# Sorta Kinda Of A Mod



## countrygirl (Apr 9, 2006)

Well when I bought our used 2005 Outback it did not come with the "handbook". I have read several different threads on here refering to the "handbook"...we did receive numberous leaflets on various components...and they fit into a really large manilla envelope.

Last night I was reading some stuff that JollyMon had previously posted and one item stated look in your handbook and if you don't have one print one out from the Keystone site. So I did just that. There is stuff in there we had not been told...really good and I think necessary info.

So if you do not have a handbook here is the link to get one: http://keystone-outback.com/?page=service

It does appear to be generic in nature to fit any year or model Outback but it is at least more then we had. If the link does not work then...go to Keystone Liteway division site listed here on Outbackers and then click on customer service. It took awhile to print out at home...would have been much quicker with my printer at work.

I am curious if owners of 2005 Outbacks find their handbooks/manuals vastly different...and whether it is necessory or worth it for me to try to order a handbooks for a 2005 30 RLS???


----------



## campmg (Dec 24, 2005)

Everything I ever needed to know I learned in Kindergarden on Outbackers.


----------



## HootBob (Apr 26, 2004)

campmg said:


> Everything I ever needed to know I learned in Kindergarden on Outbackers.


Ditto here 
But seriously I think they are just giving you the basic with the manuals
You end up learning more tips and trick of the site then what they have in the books

Don


----------



## skippershe (May 22, 2006)

A handbook came with our '06 Outback and it is very generic. I couldn't find answers to anything I would care to know in there. The owners manuals for add-ons and appliances however are going to answer most other questions. This forum gives much better clearer direction and information than that book any day








But...if it makes you feel better to have one, then I say go ahead and order it








Dawn sunny


----------



## countrygirl (Apr 9, 2006)

Okay I have a question...in this handbook I printed out it shows pics and talks about tightening the lug nuts. So I am looking at this last night and I asked my dh if he uses a torque wrench with the lil gauge on it...and he said no...he knows how much to tighten by feel.

Are we suppose to do that and measure how much they are tightened??? Do you all use the torque wrench with the lil gauge thing??? Am I worrying about nothing?


----------



## skippershe (May 22, 2006)

countrygirl said:


> Okay I have a question...in this handbook I printed out it shows pics and talks about tightening the lug nuts. So I am looking at this last night and I asked my dh if he uses a torque wrench with the lil gauge on it...and he said no...he knows how much to tighten by feel.
> 
> Are we suppose to do that and measure how much they are tightened??? Do you all use the torque wrench with the lil gauge thing??? Am I worrying about nothing?

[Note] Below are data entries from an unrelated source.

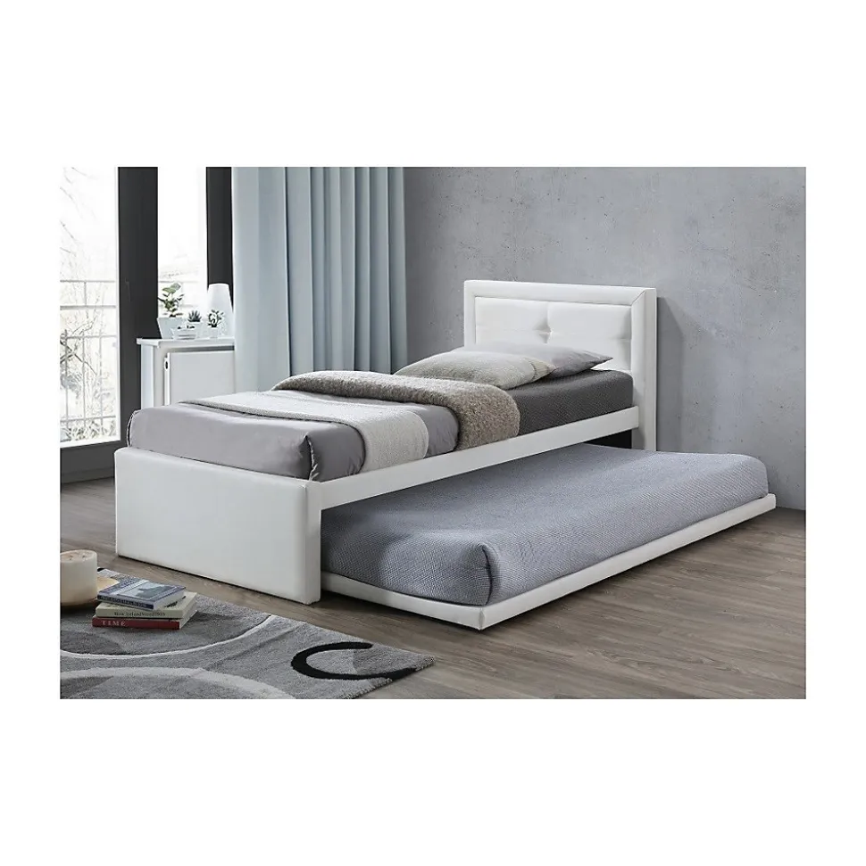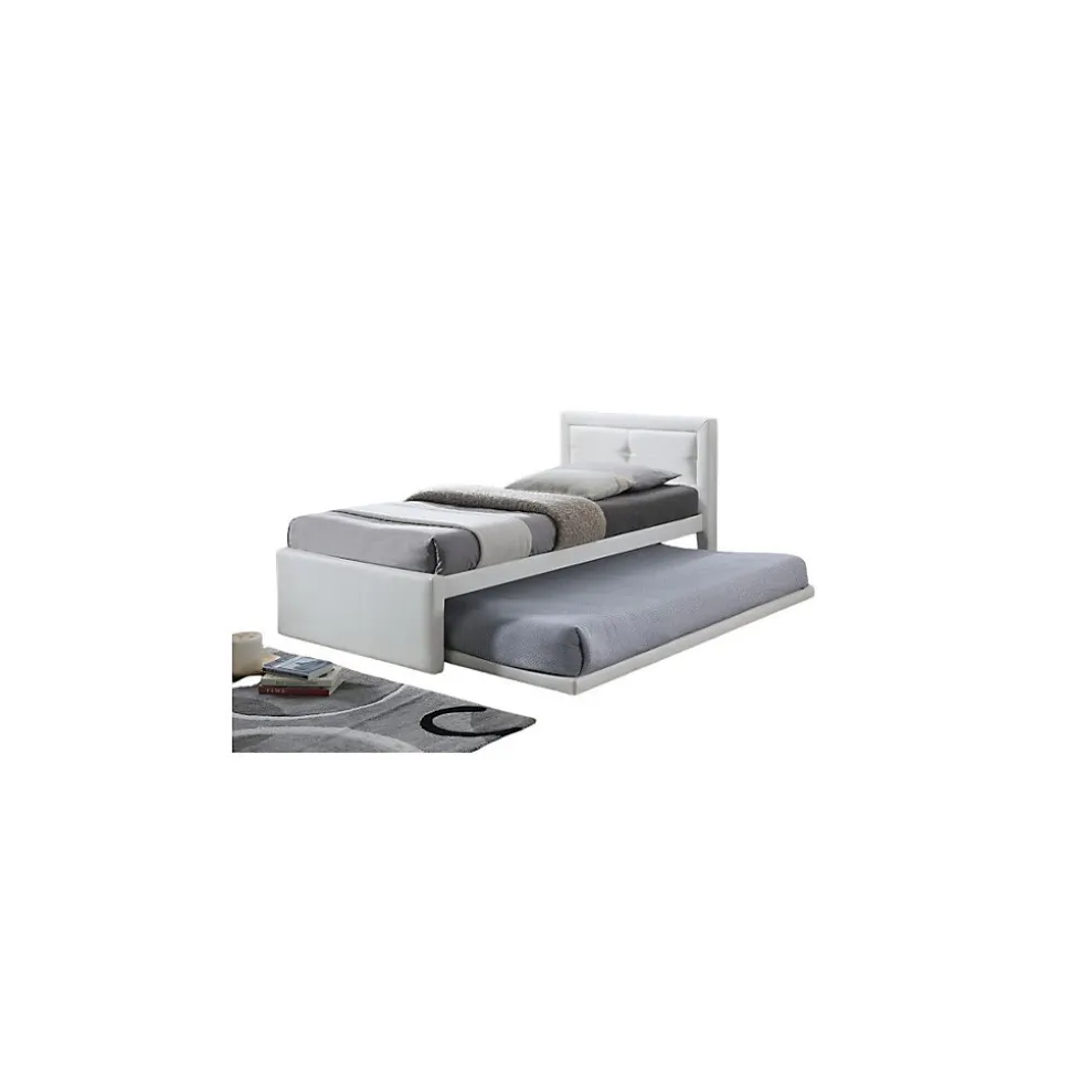 Lit avec tiroir-lit RODAN – 90×200 cm – Similicuir blanc – Sommier inclusLe lit RODAN est un choix idéal pour ceux qui recherchent un meuble fonctionnel et élégant. Son revêtement en similicuir blanc lui confère un aspect raffiné et moderne, parfait pour une chambre lumineuse et contemporaine. Doté d’un tiroir-lit intégré, il offre un couchage supplémentaire discret et pratique. Son sommier à 12 lattes garantit un excellent soutien et un confort optimal.Caractéristiques du produit :Type de produit : Lit avec tiroir-litCollection : RODANDimensions : L221 cm x P102 cm x H120 cmDimensions tiroir-lit : L197 cm x P90,5 cm x H8,5 cmMatériau : Similicuir et structure robusteColoris : Blanc (existe également en noir)Type de sommier : Sommier inclus (12 lattes)Matelas : Non inclusAvantages du lit RODAN :Design élégant : Son revêtement en similicuir blanc apporte une touche chic et moderne à votre chambre.Fonctionnalité : Son tiroir-lit intégré permet un couchage d’appoint pratique pour optimiser l’espace.Confort et robustesse : Son sommier à lattes assure un excellent maintien pour un sommeil réparateur.Pourquoi choisir le lit RODAN ?Esthétique et praticité : Un design élégant combiné à une solution de couchage modulable.Facilité d’entretien : Le revêtement en similicuir est résistant et simple à nettoyer.
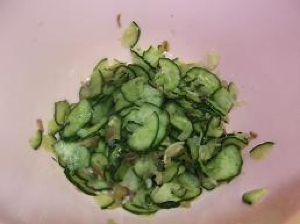 ![]() きゅうりは縦半分に切ってから薄切りにし、みょうがは小口切りにし、Bと混ぜてギューギューもんで水けを絞っておきます。
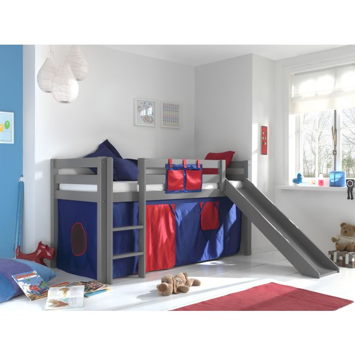 Deze PINO hoogslaper is vervaardigd van massief grenen en is grijs gelakt. Kinderen zijn dol op de glijbaan en ladder die zowel links als rechts gemonteerd kunnen worden. De lattenbodem is inbegrepen. De allround valbeveiliging, brede treden en goede stabiliteit maken dit bed heel veilig. De ruimte onder het bed kan gebruikt worden om te spelen of als opbergruimte. In het PINO gamma zijn verschillende mogelijkheden beschikbaar om dit bed aan te vullen met een bureau, bibliotheek, commodes, hangplankje of leuke textielset. Bij deze combinatie is een speelgordijn Domino inbegrepen.
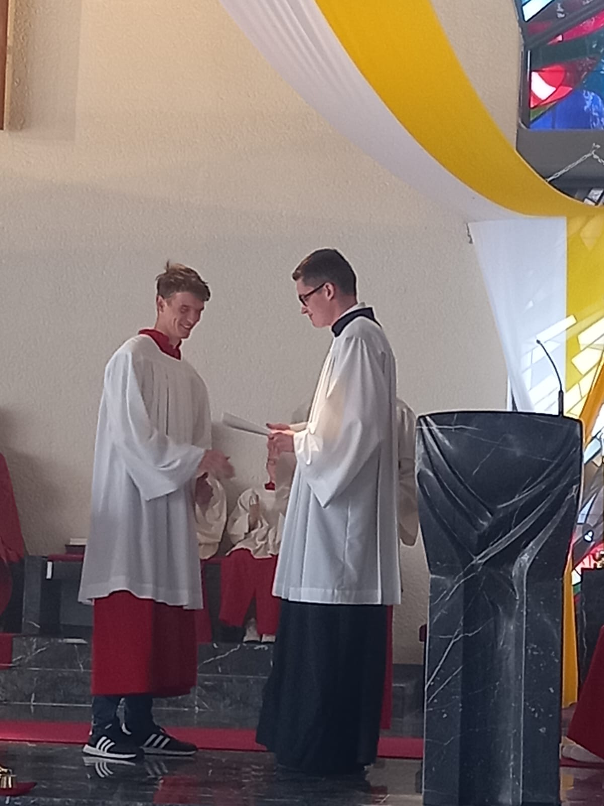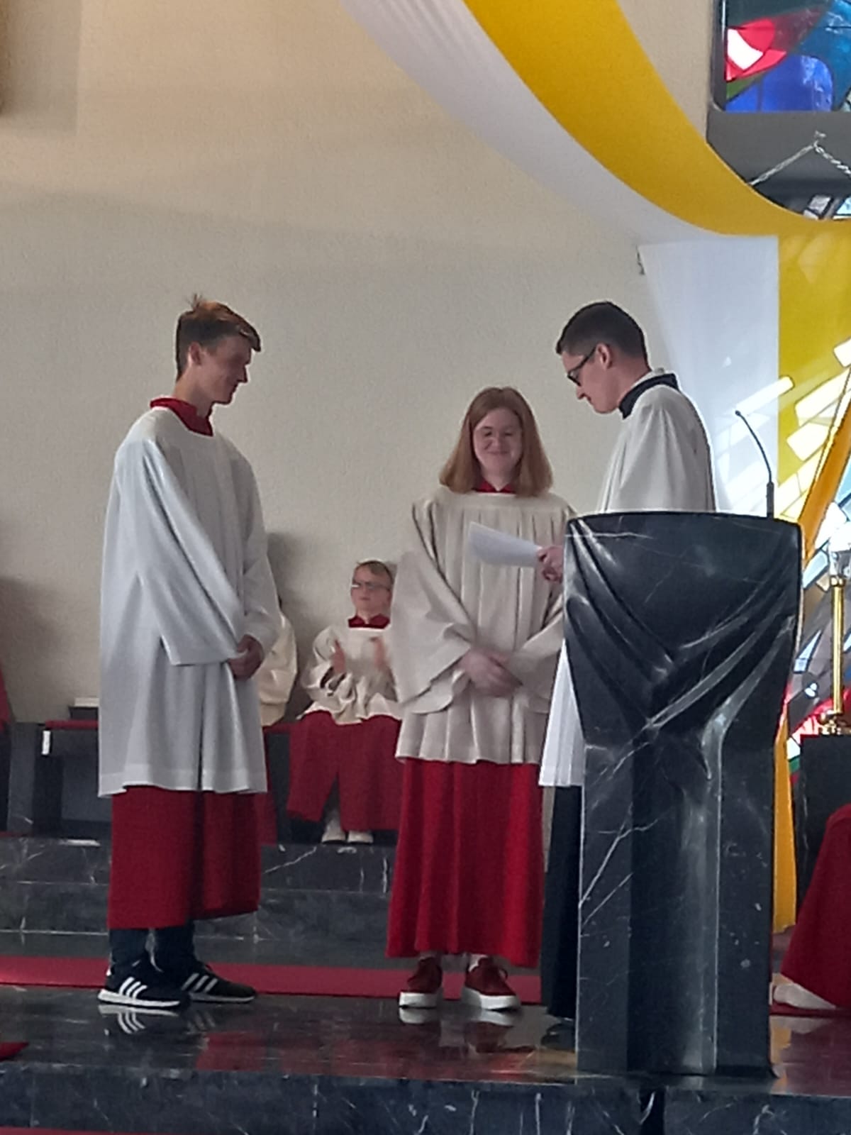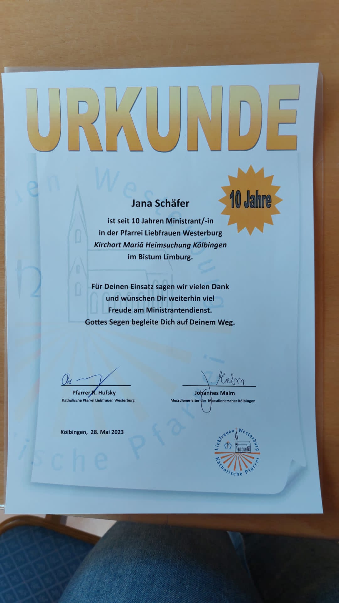 Am Ende des Gottesdientes erhielten beide dafür von unserem Messdienerleiter eine Urkunde und vom

Pat uses a torque wrench that you set to the proper setting of the lug nuts and it stops tightening automatically...


----------



## countrygirl (Apr 9, 2006)

See...I knew it...that is once I read it and saw the pics....wonder who sells these things.


----------



## geodebro (May 26, 2006)

countrygirl said:


> See...I knew it...that is once I read it and saw the pics....wonder who sells these things.

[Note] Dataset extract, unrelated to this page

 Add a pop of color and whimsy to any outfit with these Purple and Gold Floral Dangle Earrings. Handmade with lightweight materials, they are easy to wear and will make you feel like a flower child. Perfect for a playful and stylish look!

If you want a cheap one..try Harbour Freight Tools... about 19.99 for a half inch drive.

For better quality Sears or Home Depot, expect to pay between 60.00 to 100.00.

I use the cheap one, but haven't compared it with a quality one. The mechanic who services my company's vehicles uses the cheap one too.

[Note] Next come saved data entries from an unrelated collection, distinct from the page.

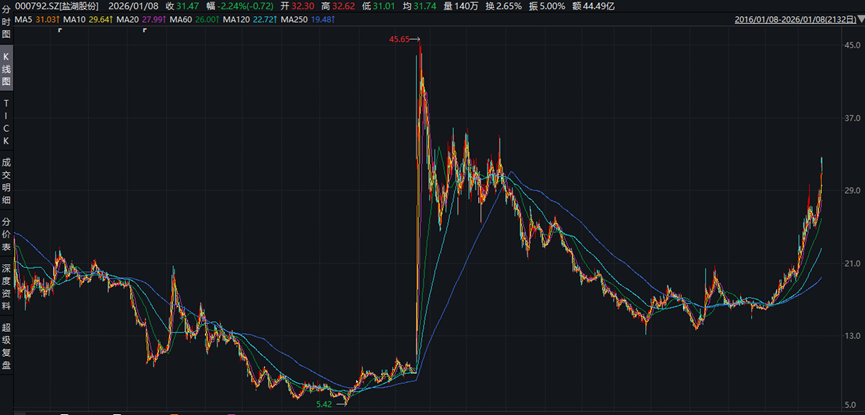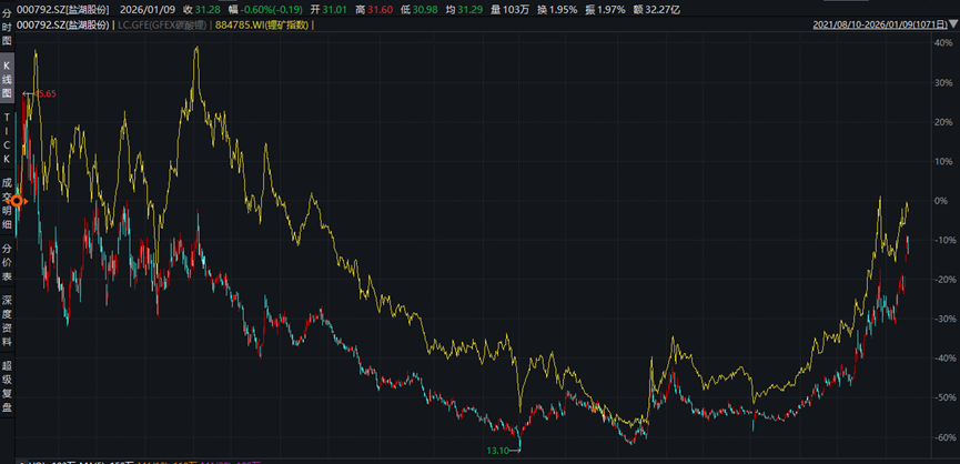 2019年至2021年:2019年4月30日起,公司变更为ST盐湖,2019年9月进入司法重整。2021年8月10日,恢复上市即高峰,与当时的锂价高涨有关。2021年公司股价最高触及45.65元的高位,至今仍未修复。
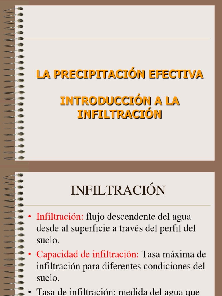 infiltración para diferentes condiciones del
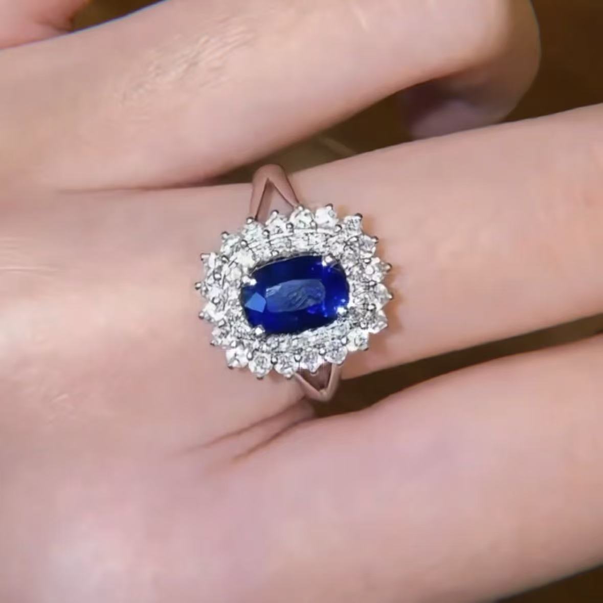 7.1mm×4.2mm的椭圆切割蓝宝石占据视觉重心,外围两圈共36颗圆钻以精确间隙密镶排列,创造出银河环绕恒星的震撼效果。不同于传统群镶的繁复堆砌,我们采用「雪花矩阵」镶嵌工艺,每颗钻石的亭角角度经计算机模拟校准,确保从任何角度观赏都能捕捉到最耀目的火彩喷发。
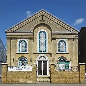 A Baptist fellowship was founded in Esher in 1852[57] and a chapel was built and registered there in 1869.[58] Four years later, members founded a "branch chapel" at Oxshott.[57] A tin tabernacle was erected for Baptists in East Molesey in 1885[59] and replaced with a permanent building the following year,[60] and in 1906 a chapel was registered in Walton-on-Thames.[61] Only the last named has been in continuous use since it opened. Esher Baptist Church (originally called Park Road Chapel) closed in 1977 after a period of decline, but reopened in 1983 under its present name, Esher Green Baptist Church, as a church plant from Walton-on-Thames.[62] The chapel at East Molesey closed in 1896, although a new church replaced it the following year. This closed in the 1930s and was demolished soon afterwards.[60] The registration of Oxshott Baptist Chapel was cancelled in 1980.[63] Also no longer in religious use are the borough's two Strict Baptist chapels: these were built at Claygate in 1860 and at Cobham in 1873.[64] In 1994, a new Baptist church was established in a redundant Anglican church building in Hersham.[65]

The "clicker" model is the easiest to use. It clicks when the proper torque in obtained.

George


----------



## countrygirl (Apr 9, 2006)

Thanks!!! I looked at some on ebay...did not bid...cause I did not feel I knew enough to be ready for that. Now I know more...but think I will check out the places you mentioned Geodebro. Thanks for responding.


----------



## skippershe (May 22, 2006)

Countrygirl,

Harbor Freight is the place where Pat got the torque wrench...It's the one that clicks like Geodebro was talking about.


----------



## countrygirl (Apr 9, 2006)

Thanks Dawn...I will pick one up...hopefully thius week. I always like going to Harbour Freight.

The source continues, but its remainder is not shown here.